— How to complete this task —
Make an exact copy of the whole listing, but leave its pictures out.

-- Given information follows --

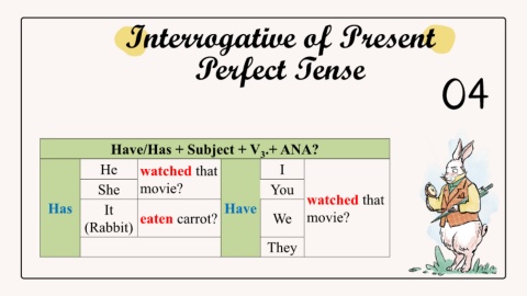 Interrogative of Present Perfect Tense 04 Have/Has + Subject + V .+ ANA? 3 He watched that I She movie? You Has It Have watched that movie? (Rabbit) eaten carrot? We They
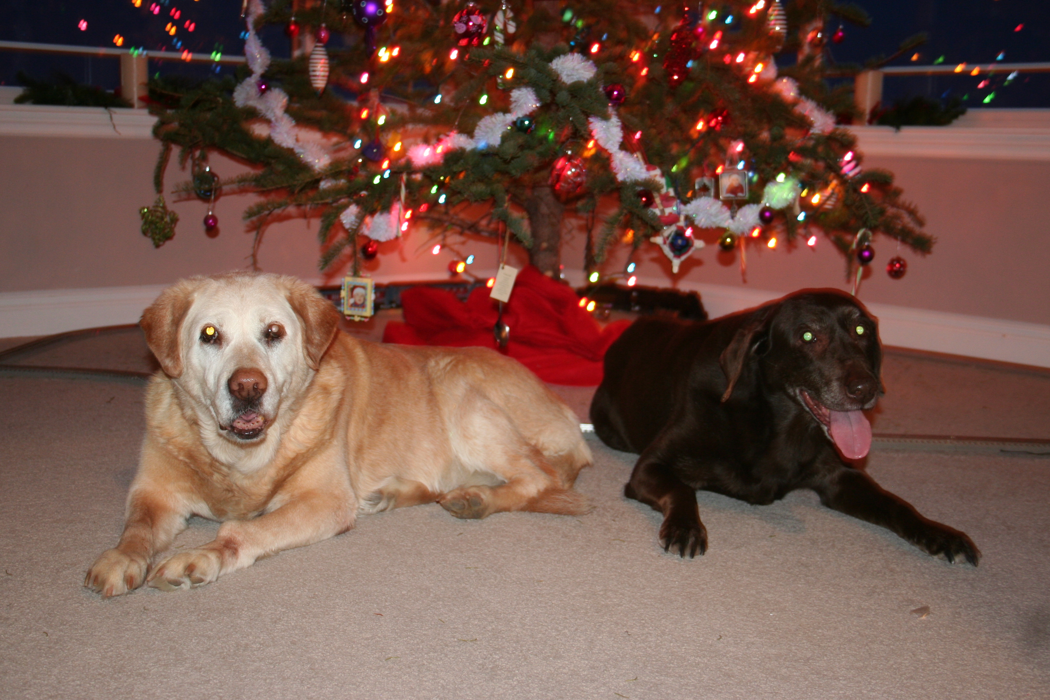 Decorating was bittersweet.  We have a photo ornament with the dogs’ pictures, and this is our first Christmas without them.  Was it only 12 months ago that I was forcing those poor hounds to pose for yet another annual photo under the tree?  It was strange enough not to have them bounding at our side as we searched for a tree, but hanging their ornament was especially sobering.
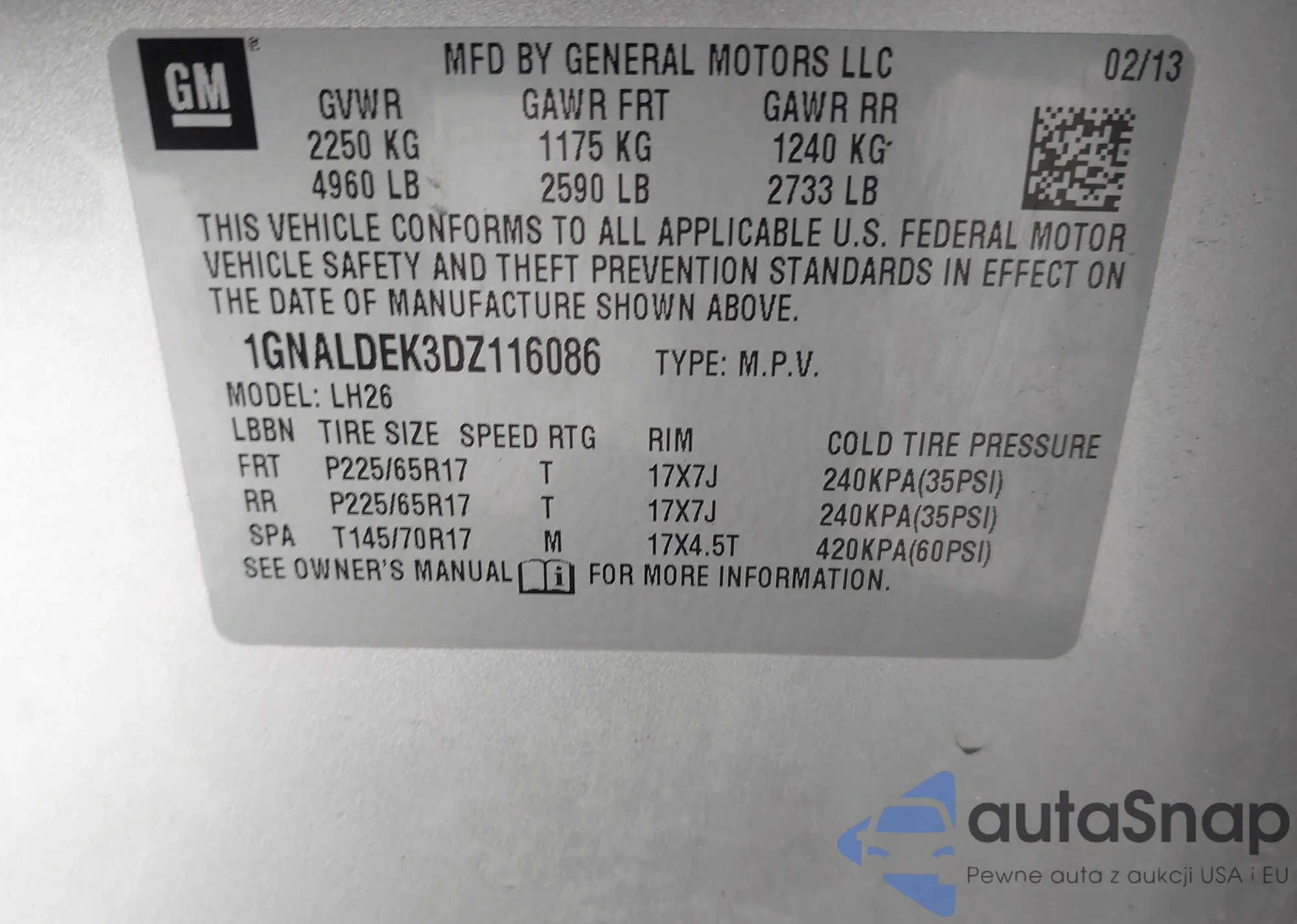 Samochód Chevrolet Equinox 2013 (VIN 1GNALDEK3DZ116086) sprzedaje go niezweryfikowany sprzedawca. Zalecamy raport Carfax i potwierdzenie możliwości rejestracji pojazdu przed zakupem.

-- Given information concluded --

— Solved problem —
 Interrogative of Present Perfect Tense 04 Have/Has + Subject + V .+ ANA? 3 He watched that I She movie? You Has It Have watched that movie? (Rabbit) eaten carrot? We They
 Decorating was bittersweet.  We have a photo ornament with the dogs’ pictures, and this is our first Christmas without them.  Was it only 12 months ago that I was forcing those poor hounds to pose for yet another annual photo under the tree?  It was strange enough not to have them bounding at our side as we searched for a tree, but hanging their ornament was especially sobering.
 Samochód Chevrolet Equinox 2013 (VIN 1GNALDEK3DZ116086) sprzedaje go niezweryfikowany sprzedawca. Zalecamy raport Carfax i potwierdzenie możliwości rejestracji pojazdu przed zakupem.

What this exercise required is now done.